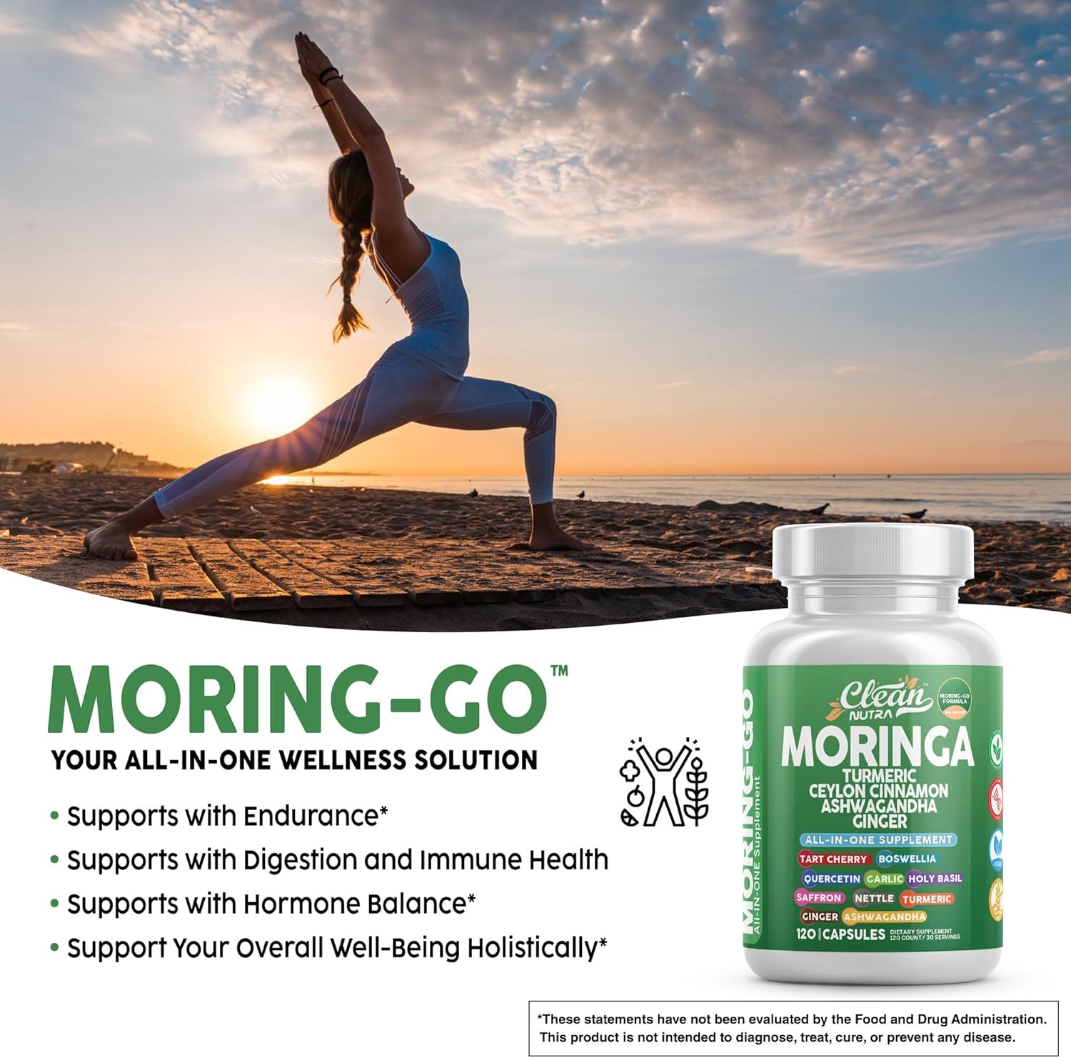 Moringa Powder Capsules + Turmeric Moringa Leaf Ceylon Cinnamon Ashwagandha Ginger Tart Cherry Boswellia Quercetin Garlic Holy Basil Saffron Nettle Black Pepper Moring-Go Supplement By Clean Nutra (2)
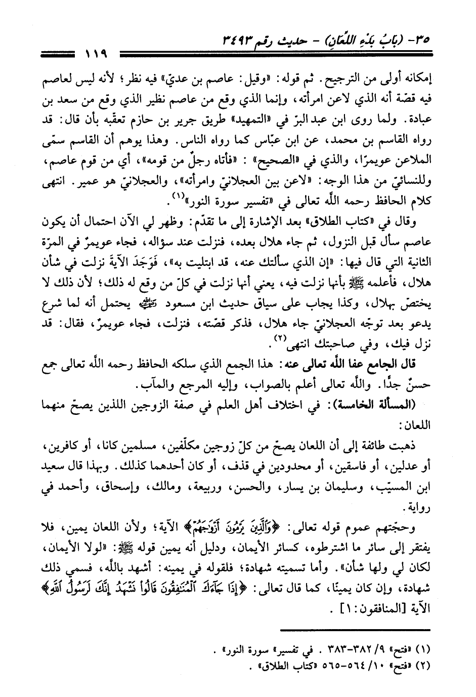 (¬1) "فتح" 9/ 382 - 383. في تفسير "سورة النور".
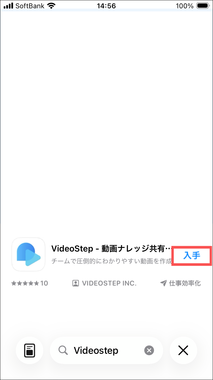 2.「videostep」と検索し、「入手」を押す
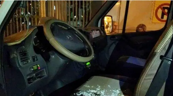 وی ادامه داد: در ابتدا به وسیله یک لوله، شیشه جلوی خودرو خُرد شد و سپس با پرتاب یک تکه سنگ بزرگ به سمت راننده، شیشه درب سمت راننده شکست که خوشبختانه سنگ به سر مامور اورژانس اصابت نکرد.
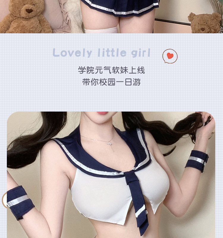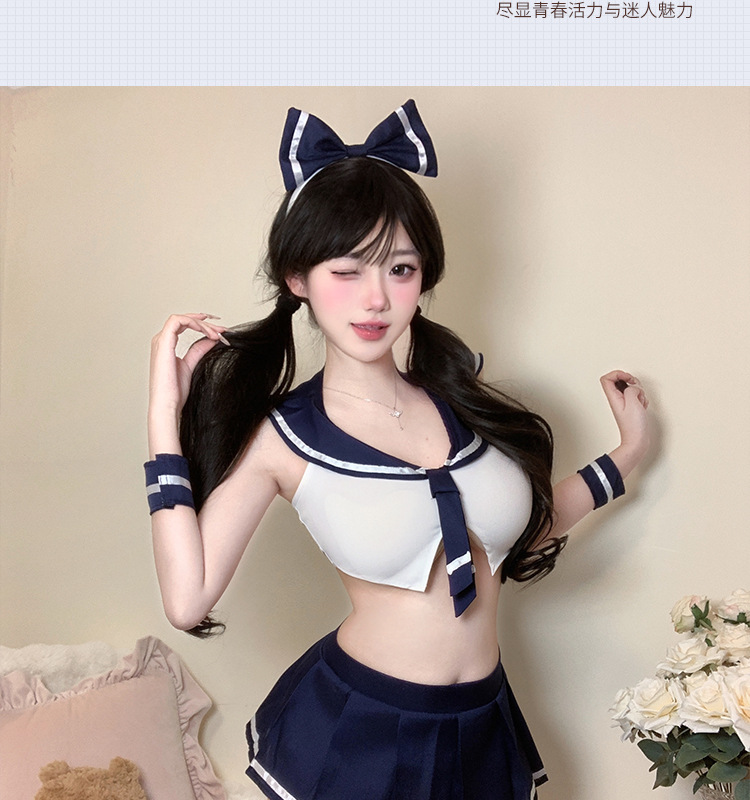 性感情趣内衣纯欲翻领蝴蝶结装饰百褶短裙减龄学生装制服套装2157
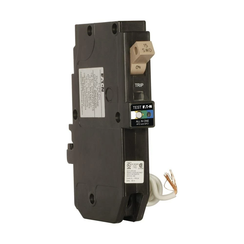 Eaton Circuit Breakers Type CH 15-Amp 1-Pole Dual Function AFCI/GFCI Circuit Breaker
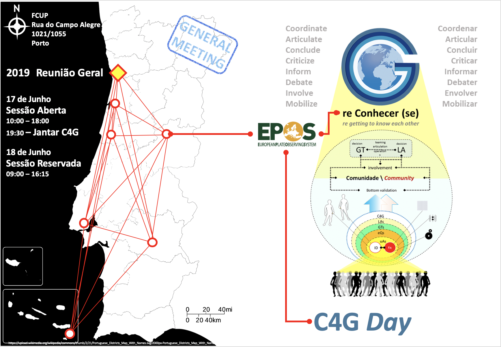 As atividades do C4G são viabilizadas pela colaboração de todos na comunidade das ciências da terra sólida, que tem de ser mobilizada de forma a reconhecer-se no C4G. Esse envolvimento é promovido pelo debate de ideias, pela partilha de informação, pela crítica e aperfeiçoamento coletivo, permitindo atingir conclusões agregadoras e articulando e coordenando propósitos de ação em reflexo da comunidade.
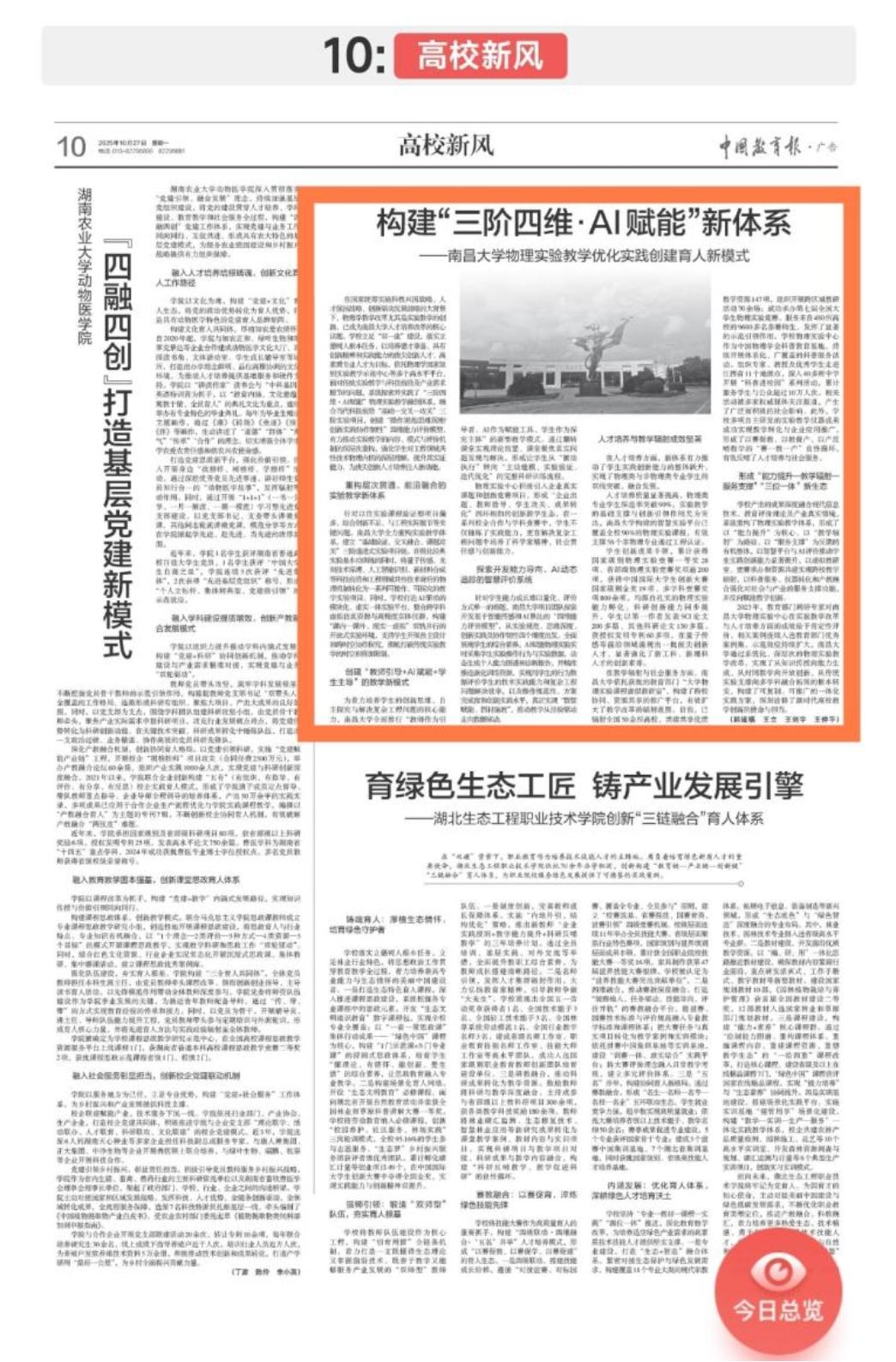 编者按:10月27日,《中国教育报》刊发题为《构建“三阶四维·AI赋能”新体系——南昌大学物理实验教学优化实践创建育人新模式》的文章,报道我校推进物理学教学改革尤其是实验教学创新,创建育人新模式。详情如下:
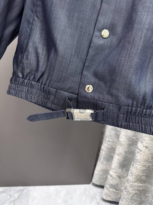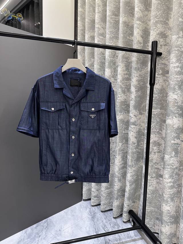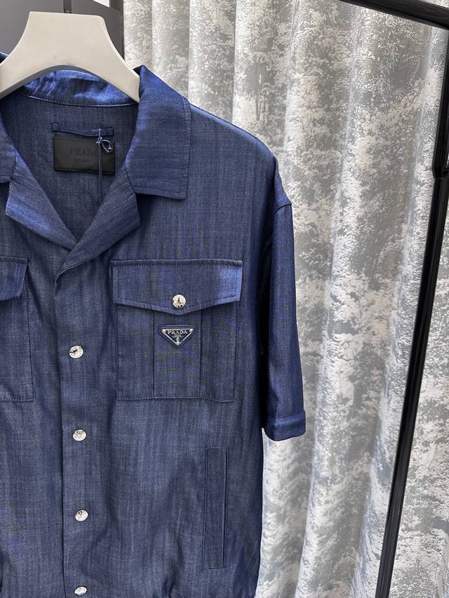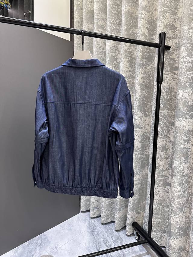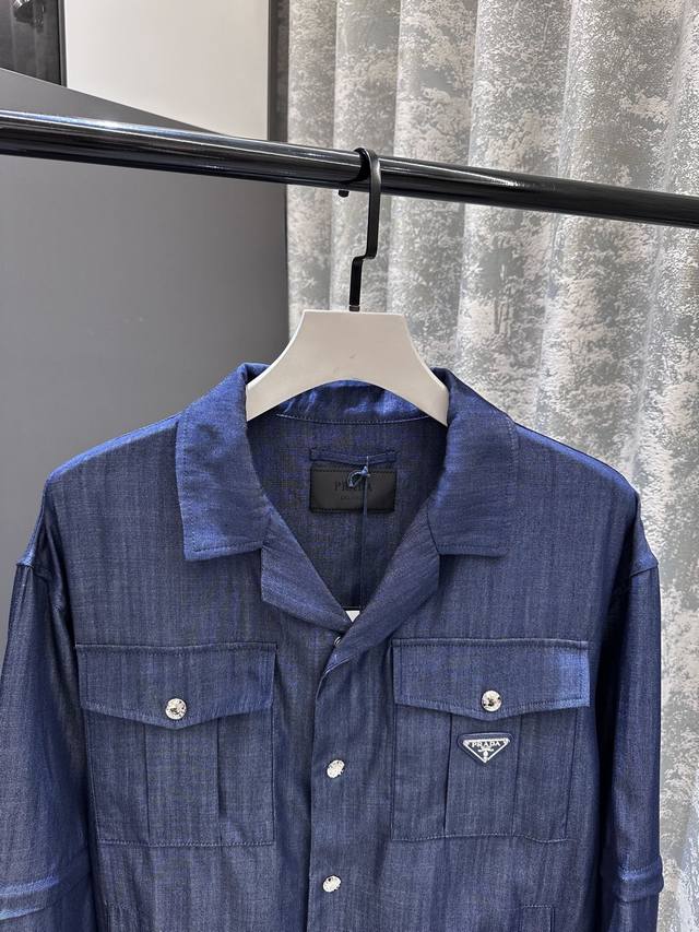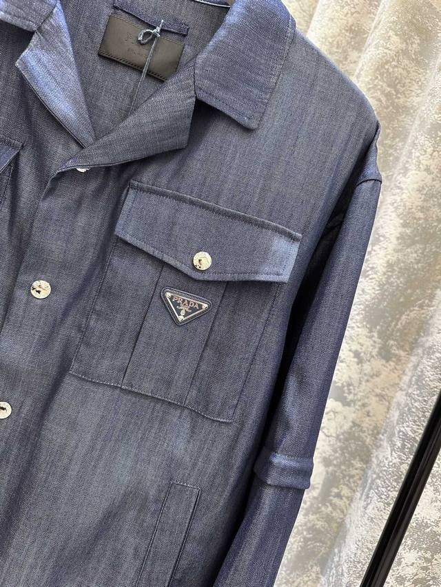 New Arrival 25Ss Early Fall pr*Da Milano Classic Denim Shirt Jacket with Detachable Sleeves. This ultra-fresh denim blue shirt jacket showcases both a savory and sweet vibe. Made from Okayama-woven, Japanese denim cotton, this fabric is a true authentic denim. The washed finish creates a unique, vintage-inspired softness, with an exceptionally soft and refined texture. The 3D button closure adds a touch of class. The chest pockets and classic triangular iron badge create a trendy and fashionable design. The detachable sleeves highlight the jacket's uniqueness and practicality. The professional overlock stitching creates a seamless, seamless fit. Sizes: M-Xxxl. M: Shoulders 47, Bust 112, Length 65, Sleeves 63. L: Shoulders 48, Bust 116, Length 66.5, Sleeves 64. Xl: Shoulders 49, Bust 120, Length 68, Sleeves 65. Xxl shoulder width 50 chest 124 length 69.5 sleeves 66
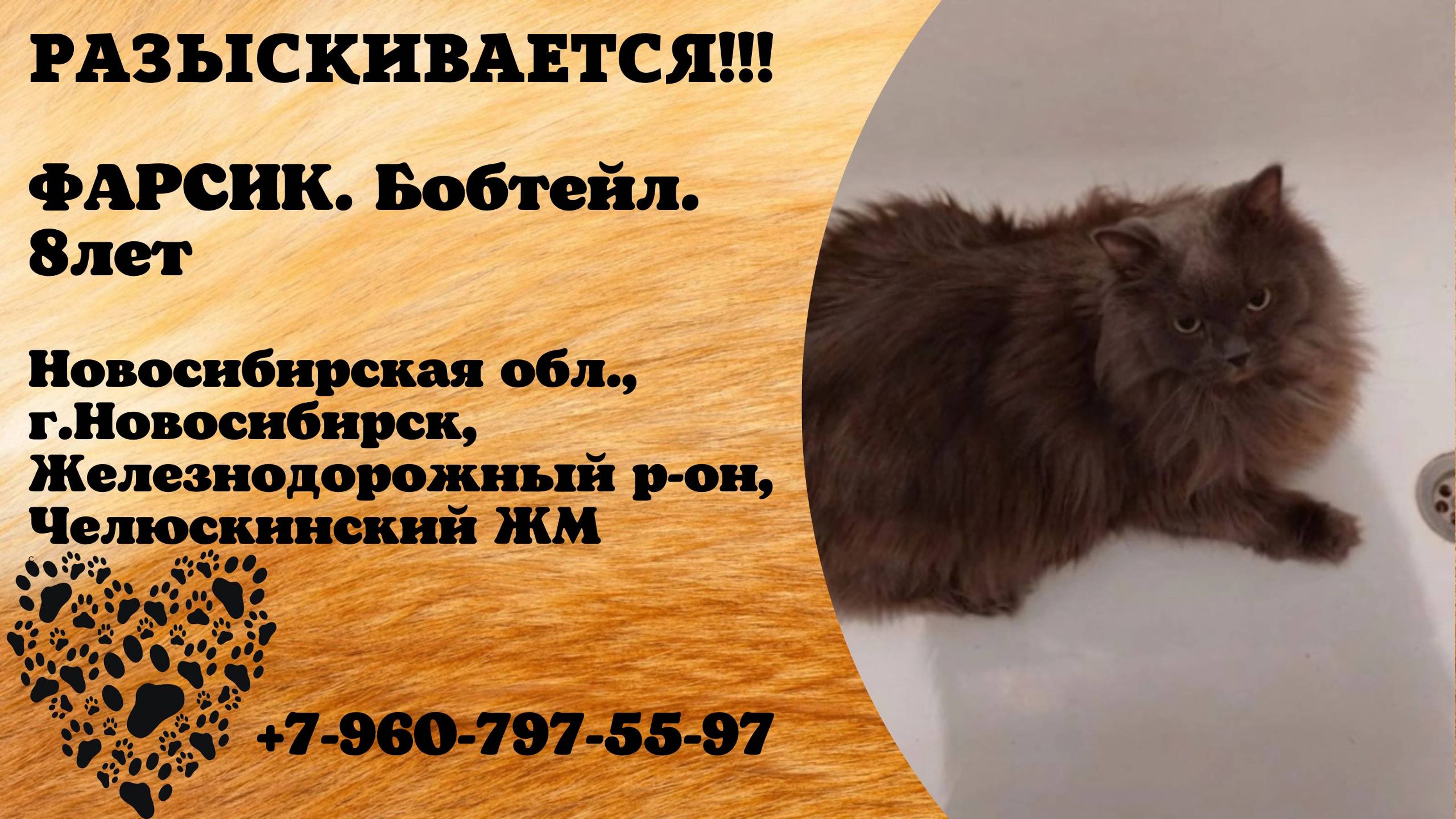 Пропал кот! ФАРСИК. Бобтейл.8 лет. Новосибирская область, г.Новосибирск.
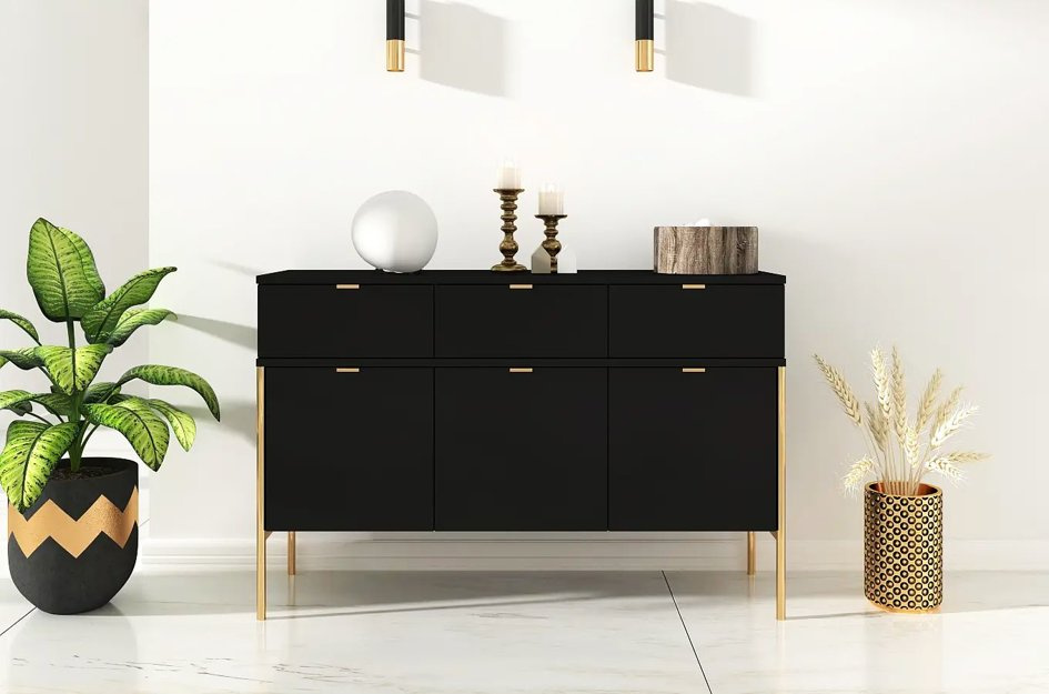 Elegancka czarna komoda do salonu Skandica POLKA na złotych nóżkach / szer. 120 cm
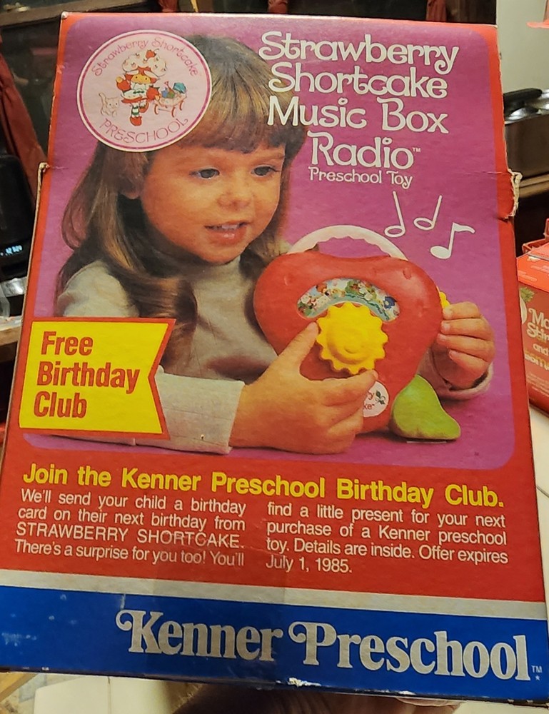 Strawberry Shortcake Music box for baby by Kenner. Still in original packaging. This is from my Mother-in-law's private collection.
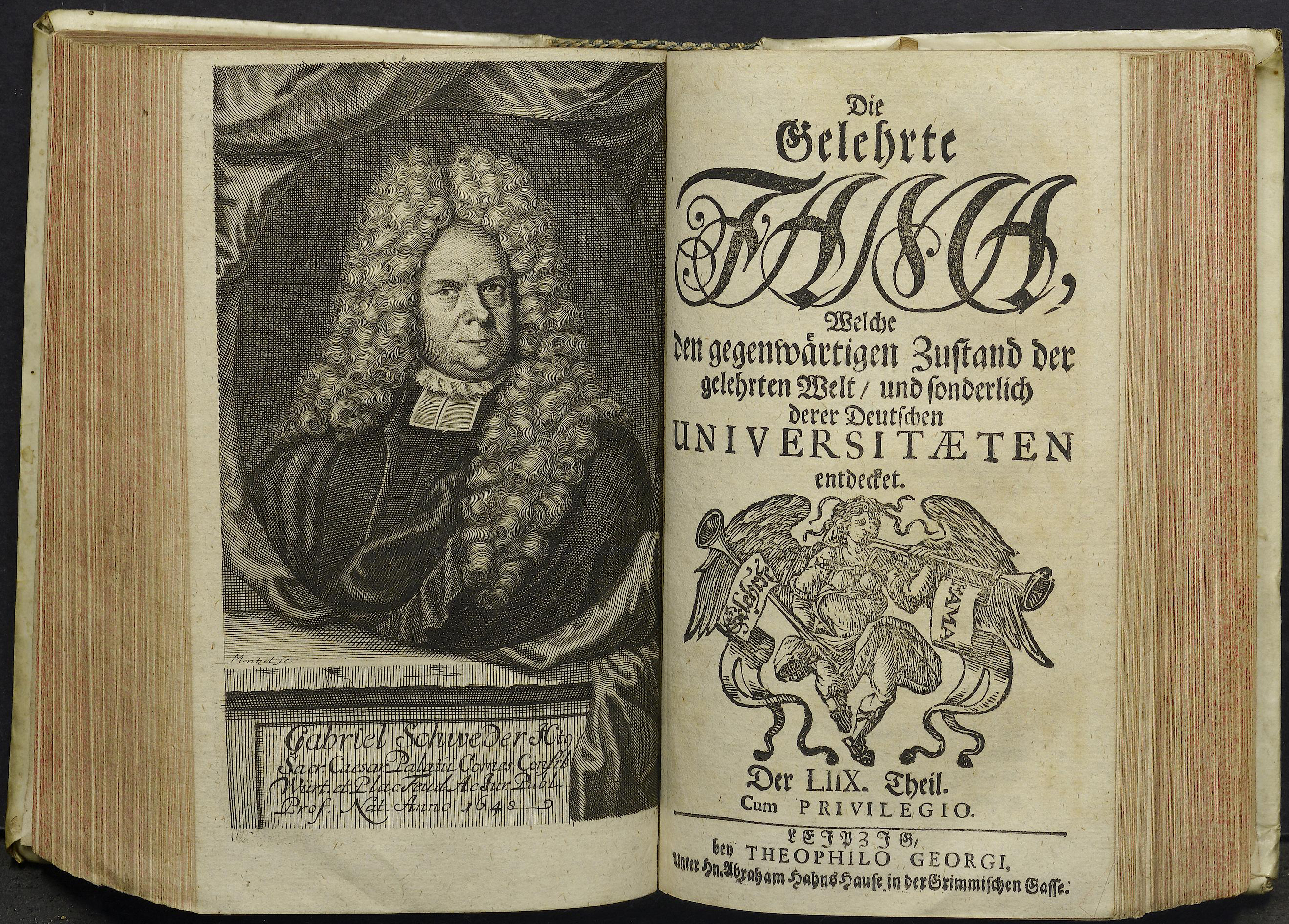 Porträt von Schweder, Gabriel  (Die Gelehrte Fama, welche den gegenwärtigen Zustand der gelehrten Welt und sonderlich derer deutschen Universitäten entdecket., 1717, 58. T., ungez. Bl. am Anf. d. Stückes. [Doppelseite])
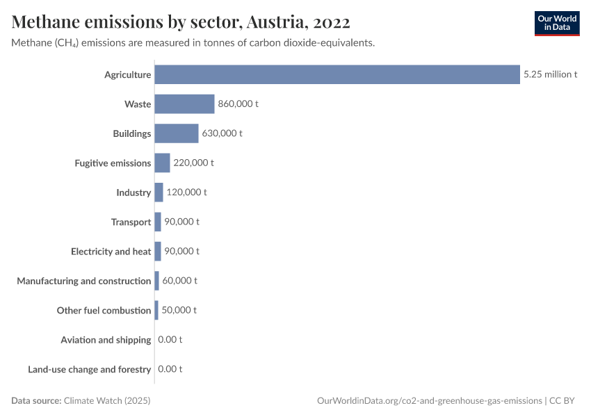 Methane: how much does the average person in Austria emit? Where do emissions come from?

● **ASSIGNMENT**
Take the lines from the start of the entries through the line containing "编者按:10月27日,《中国" and set them down exactly, leaving out every picture.

● **EXERCISE OUTPUT**
 Moringa Powder Capsules + Turmeric Moringa Leaf Ceylon Cinnamon Ashwagandha Ginger Tart Cherry Boswellia Quercetin Garlic Holy Basil Saffron Nettle Black Pepper Moring-Go Supplement By Clean Nutra (2)
 (¬1) "فتح" 9/ 382 - 383. في تفسير "سورة النور".
 2.「videostep」と検索し、「入手」を押す
 وی ادامه داد: در ابتدا به وسیله یک لوله، شیشه جلوی خودرو خُرد شد و سپس با پرتاب یک تکه سنگ بزرگ به سمت راننده، شیشه درب سمت راننده شکست که خوشبختانه سنگ به سر مامور اورژانس اصابت نکرد.
 性感情趣内衣纯欲翻领蝴蝶结装饰百褶短裙减龄学生装制服套装2157
 Eaton Circuit Breakers Type CH 15-Amp 1-Pole Dual Function AFCI/GFCI Circuit Breaker
 As atividades do C4G são viabilizadas pela colaboração de todos na comunidade das ciências da terra sólida, que tem de ser mobilizada de forma a reconhecer-se no C4G. Esse envolvimento é promovido pelo debate de ideias, pela partilha de informação, pela crítica e aperfeiçoamento coletivo, permitindo atingir conclusões agregadoras e articulando e coordenando propósitos de ação em reflexo da comunidade.
 编者按:10月27日,《中国教育报》刊发题为《构建“三阶四维·AI赋能”新体系——南昌大学物理实验教学优化实践创建育人新模式》的文章,报道我校推进物理学教学改革尤其是实验教学创新,创建育人新模式。详情如下:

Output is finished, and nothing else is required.